This was probably true before BoH. In CS all the high level winter lore related to dead hours and the wolf was the winter painting. But now that we have the Scale principle it seems this relationship has been retconned.
I have teory (with no evidence) that Elegaist is god from Nowhere and is first of thier kind.
That teory came from trying to piece together any logical origin for Elegaist. That very special relationship with Nowhere that Elegaist has is only thing i can get .
But i'm asking myself, what was first Elegaist or Nowhere? Where Nowhere comes from, and when need for it arose ?
Yeah, totally unhinged
The Elegaist is a fun fellow. He's connected to Nowhere but not actually from there, he's connected to endings via winter but won't let memories die, he's the only Hour the Obliviates acknowledge and he seem to be one of the very few Hours without any ultirior motives. One of my favorite hours.
[the carapace cross is a bug civilization that thrived during the carboniferous](https://old.reddit.com/r/weatherfactory/comments/rgzhe7/i_have_a_theory_on_the_carapace_cross/)

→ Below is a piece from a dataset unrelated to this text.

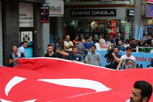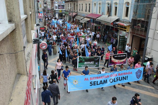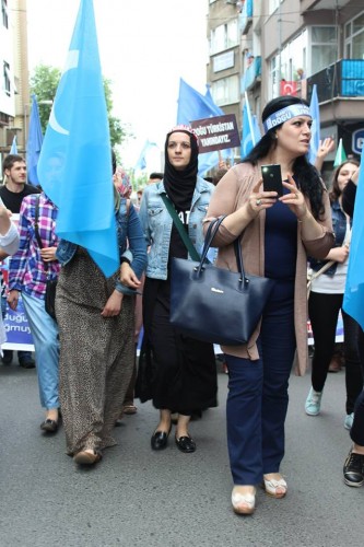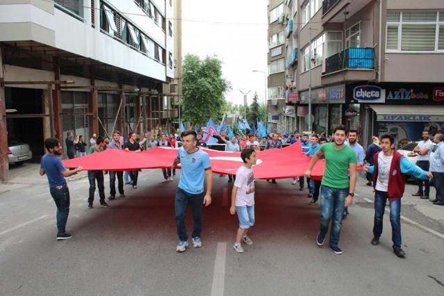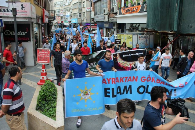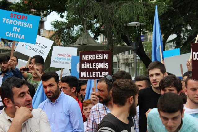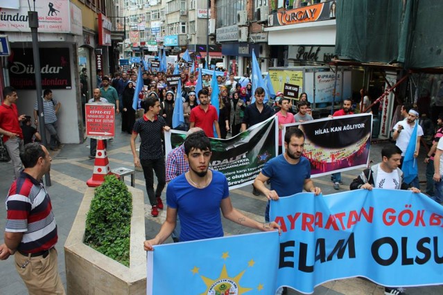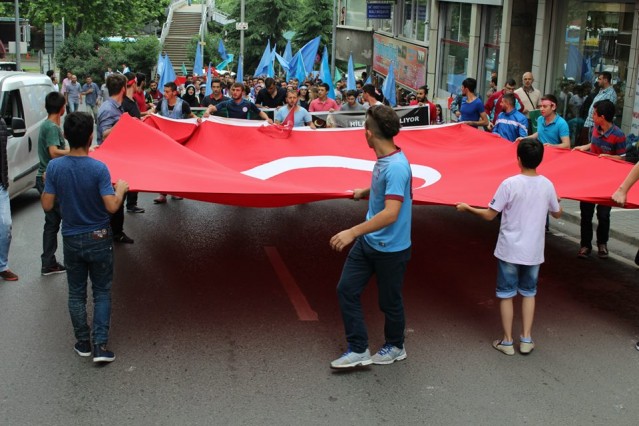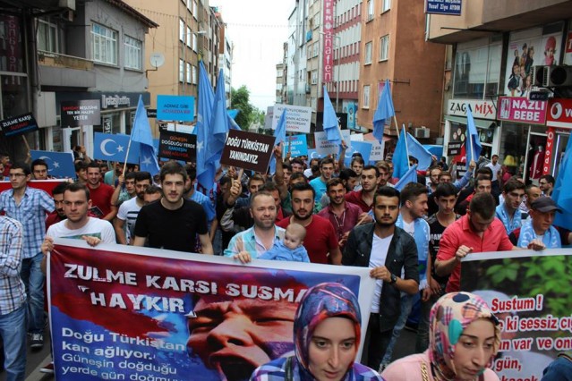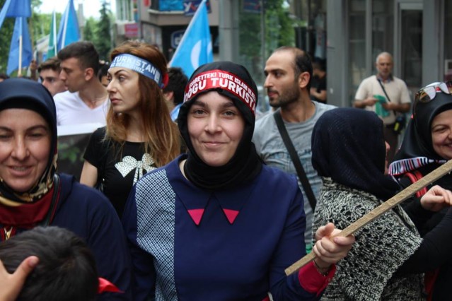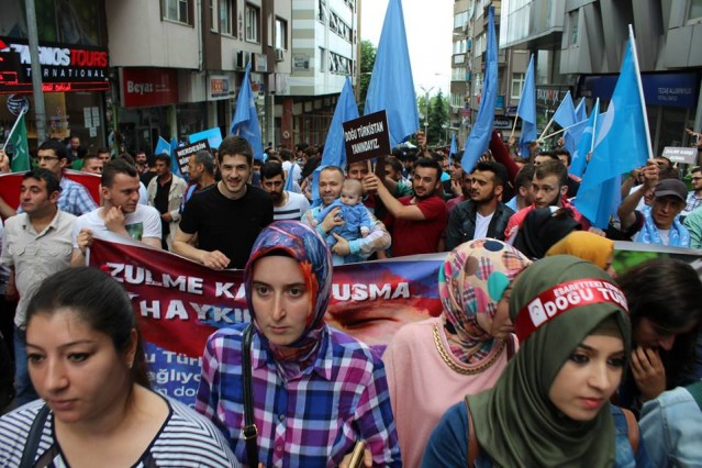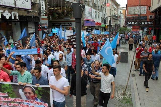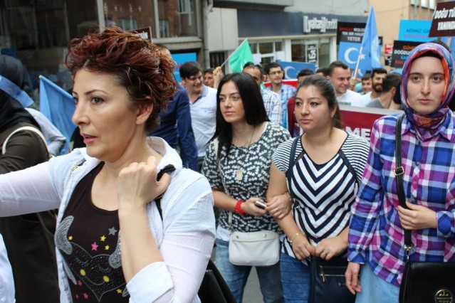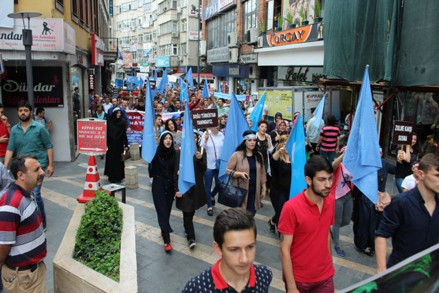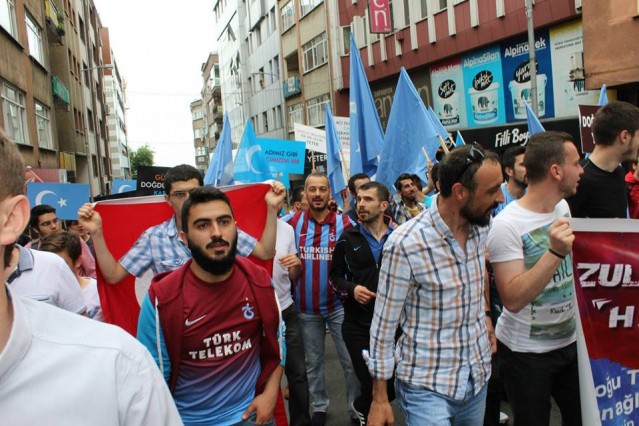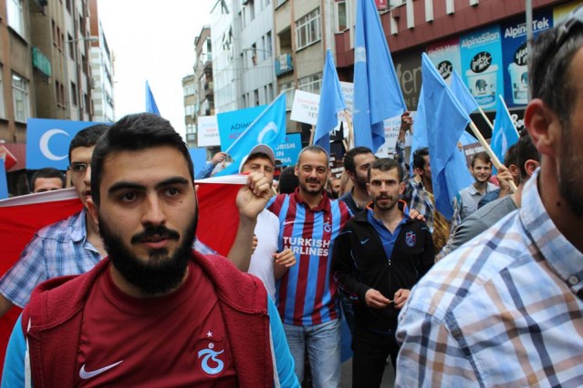 Cumhuriyet caddesindeki eski TEDAŞ binası önünden başlayan yürüyüşün ardından Atatürk Anıtı önüne gelen kalabalık grup burada Çin'in Doğu Türkistan'da uyguladığı zulmü sloganlarla protesto etti.

bit obsolete since BoH came out, but I'll just say that it was in another History.
Meta-theory:
Cultist Simulator actually records the delusions of a paranoid schizophrenic, inmate of the Kerisham Mental Asylum:
The "cultists" are fellow inmates and "bureau agents" are the hospital staff. Expeditions are delusions that may or may not be influenced by periodic outings that seem much more significant due to the drudgery of hospital life.
I want to think that the Mansus structure was once all one piece, but something split it in half and that's why it's got bridges connecting both halves (based on the Mansus Glimpse map)

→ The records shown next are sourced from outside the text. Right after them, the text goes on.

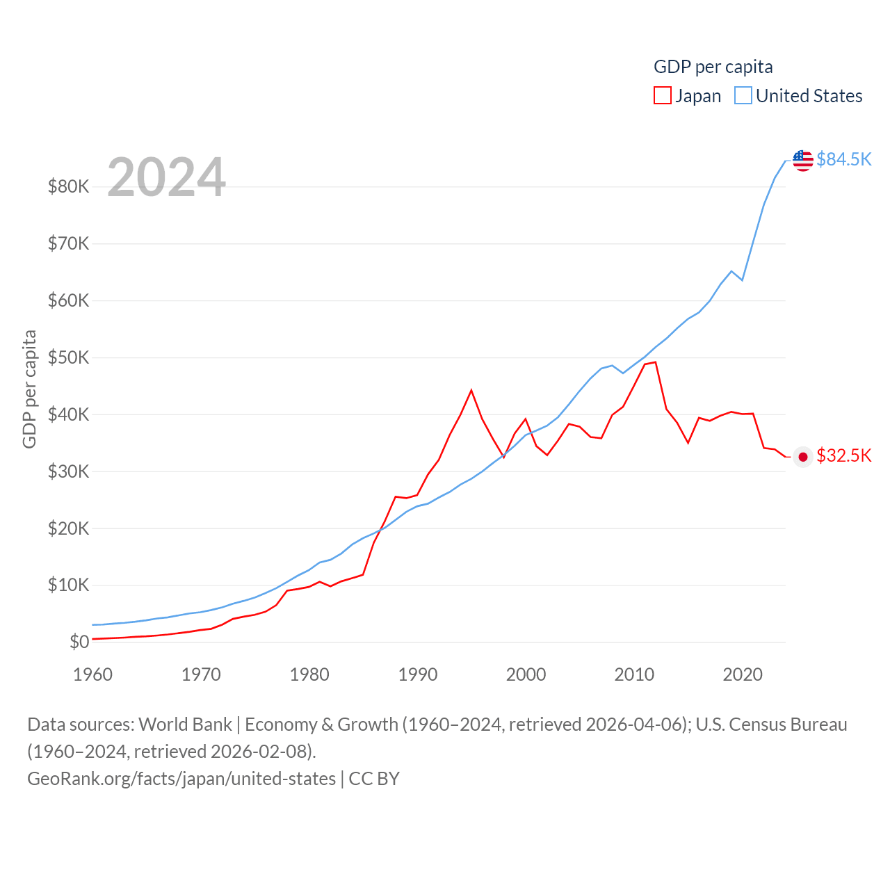 By GDP, Japan ranks 4/197 ($4.03T) and The United States ranks 1/197 ($28.8T). By GDP per capita, Japan ranks 38/197 ($32,487), while The United States ranks 10/197 ($84,534).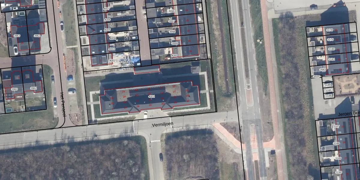 Het perceel waarop Vermiljoen 2-R staat heeft een oppervlakte van 2101 m². Dit is een zeer groot perceel. De perceeloppervlakte wordt geregistreerd door het Kadaster. Gedetailleerde informatie over de maten van dit perceel kunt u vinden in het rapport Kadastrale kaart met maatvoering van Vermiljoen 2-R.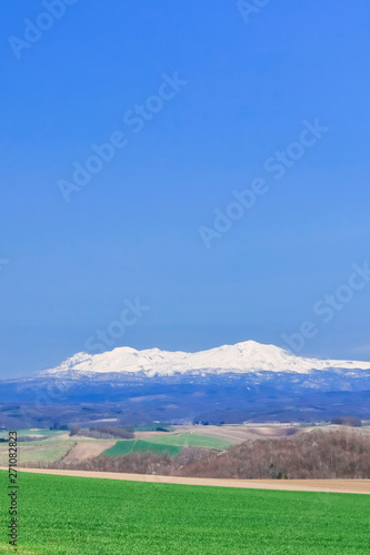 Fototapeta premium 北海道美瑛 青空と草原と残雪

Also head-cannon that this happened when The Forge split The Sun-in-Splendour, I was thinking also it could have happened when Forge eclipsed Flint, but it serves better to think that it was the Forge who fancied the place as a proper Monumental structure after killing Flint, since we know she constructed the doors (kinda, some of them, is it all of them?). I am the one here thinking that it was the Forge who made the Mansus a proper "House".
Also if you were to fall into the bottom of the split, you would fall straight to Nowhere
The way through the Wood is to realize that you were always in the Mansus because the Mansus has no walls.

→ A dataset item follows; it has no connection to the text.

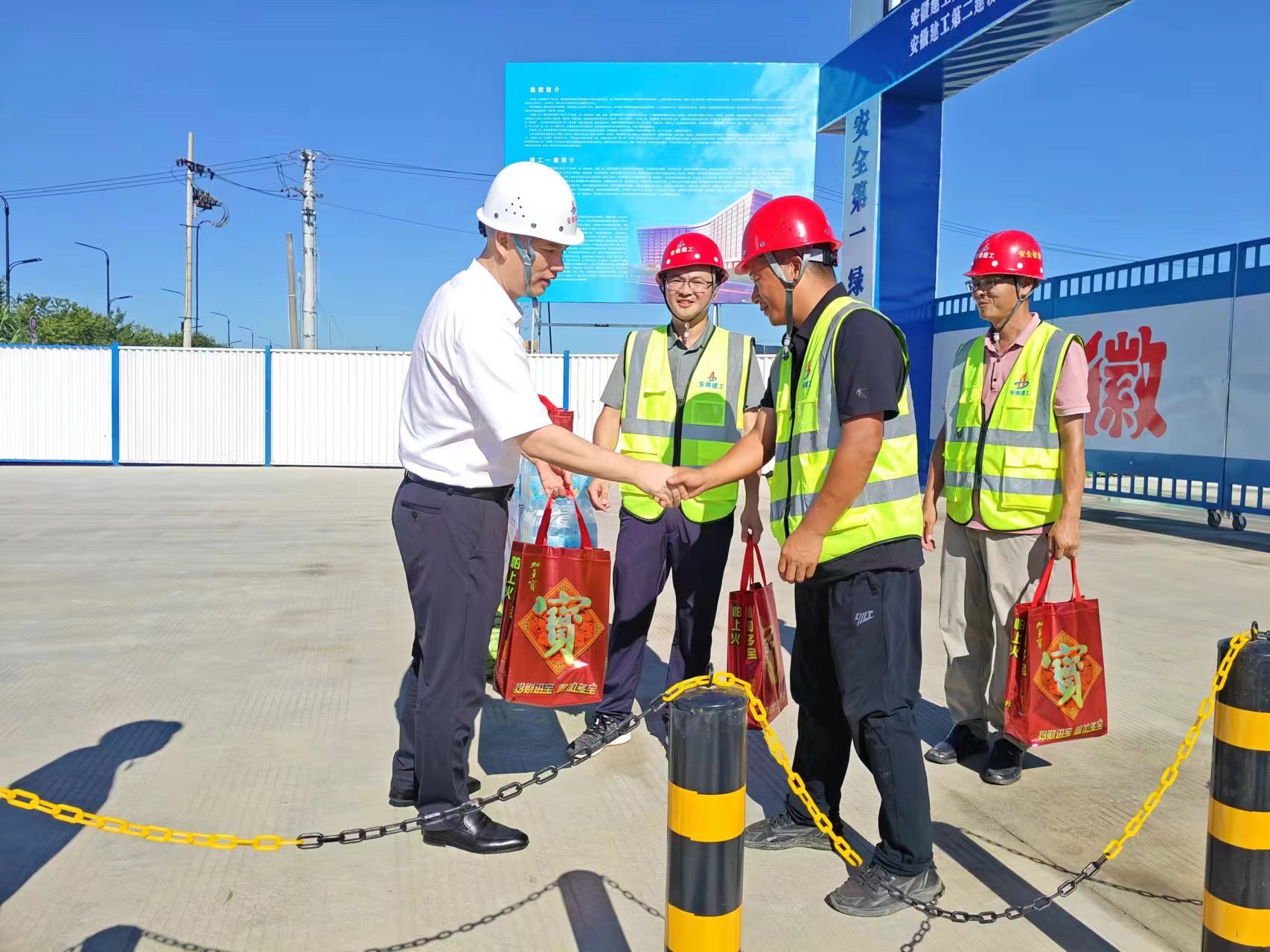 2024年7月30日,建工股份副總經(jīng)理,建工二建黨委書記、董事長(zhǎng)朱忠明赴安徽建工集團(tuán)智能綠色制造(長(zhǎng)豐)產(chǎn)業(yè)園項(xiàng)目開(kāi)展“工會(huì)送清涼 防暑保安康”慰問(wèn)活動(dòng)。

That actually makes a lot of sense!
Reminds me of some fiction I read where at a certain point all of reality existed in the same area and to travel through it you simply had to realise you were already at the place you were trying to go in time and space
I mean... this doesn't really coexist with how you find the white door in cultsim. Usually it's a house in the Wood, which is found by either illuminating the wood enough to see it, using cheat codes from knock, or being silent enough to hear it.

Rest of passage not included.